Recognize that public affairs is a distinct marketing tool. It is not nuclear science, but it is a discipline. Admiral Thorp realizes this and is taking aggressive steps to make it more disciplined and more proactive. With the support of the Chief of Naval Operations, Admiral Gary Roughead, he is increasing the number of PAOs from 209 to 269 and making public outreach a requirement.
Don't be reluctant to use paid media (you already use it advertising for recruits). The Navy needs to use these proven vehicles—commercials on Sunday morning talk shows, small ads on newspaper op-ed pages, or special-section advertorials in magazines. The Army has already set the precedent by dedicating a portion of its recruiting advertising budget to directly targeting parents—not just potential recruits.
The Navy needs to treat marketing as a professional discipline and not simply as an intuitive tool that can be picked up on the job. Just as you send officers for advanced degrees in financial management, you should send them to the top graduate business schools to learn marketing before they take on marketing-intensive billets like recruiting or public affairs.
Hire senior civilian talent—inside the Sea Services—even on a temporary basis. Yes, you hire ad agencies for recruiting ad campaigns, and civilians hold certain positions on the NRC staff. You need top in-house expertise to manage the ad agency better and bring best-of-breed marketing thinking in the Navy. Dip into the Senior Executive Service or use reserve commissions to bring in top-level talent.
Develop New Tools
Be aggressively open to testing new marketing tools—even those "not invented here." For example, the Navy's ad agency is encouraging active-duty and recently discharged personnel to post "life in the Navy" videos on YouTube. Such peer-to-peer efforts are a 21st-century adaptation of word-of-mouth advertising that offer great promise.
From a civilian (and news junkie) perspective, I think embeds in Iraq—and aboard ships on station in the Arabian Gulf—have been a terrific source of generally accurate, positive news stories. The obvious question is how can they be used in different arenas to help tell the broader Sea Services story? After the Wall Street Journal's Bret Stephens participated in an embark on board the USS Harry Truman (CVN-75), he wrote several thoughtful columns about the need for a strong Navy. The best way to engage people is to engage people.
Perhaps the most powerful idea the Navy could employ should be adapted from someone who had an especially good year in 2007: Al Gore. What is the Sea Services' (intellectual) equivalent of An Inconvenient Truth? For the environmental community, Gore's film and its promotion was a game changer. The Navy certainly needs one.

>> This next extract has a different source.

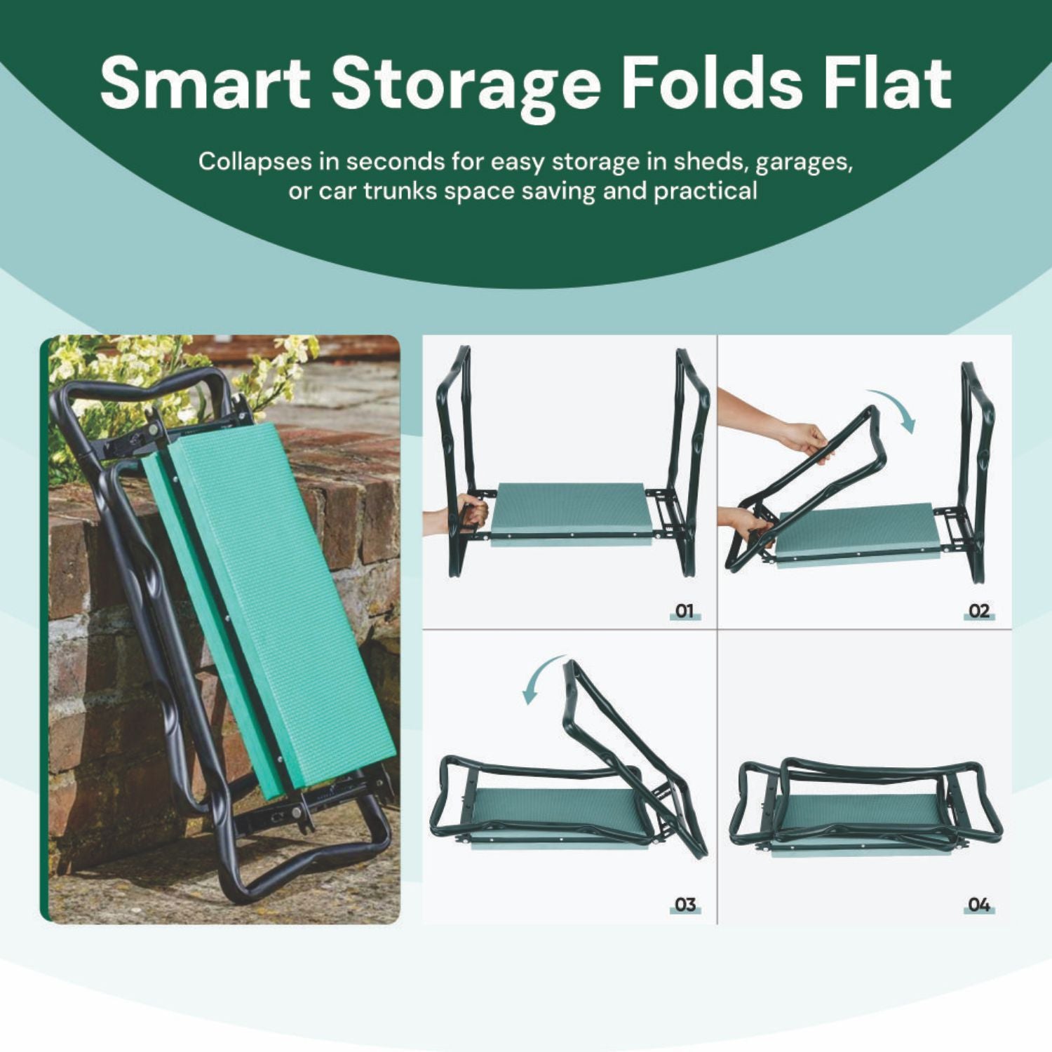 Easily fold and store the kneeler in your shed, garage, or even in the trunk of your car, maximizing space and convenience

If Admiral Mullen had marketing professionals on his staff at the time of Bill Butler's question, he might have answered with the following:
Write your senators and your representative and ask them what they think about the new maritime strategy. Tell them to make sure that our men and women in uniform have the equipment and training they need to get the job done right. Remind them that 90 percent of our trade moves by sea and that we only have a month's supply of oil on hand at any one time. Bring the Sea Services to the forefront of their thinking.
As the new maritime strategy makes clear, we need a strong Navy, Marine Corps, and Coast Guard, working together. For that to happen, the Sea Services must be adequately funded. And that won't happen unless the story is effectively communicated to our citizens and to our political decision-makers. Communications is not a dirty word. Neither is marketing.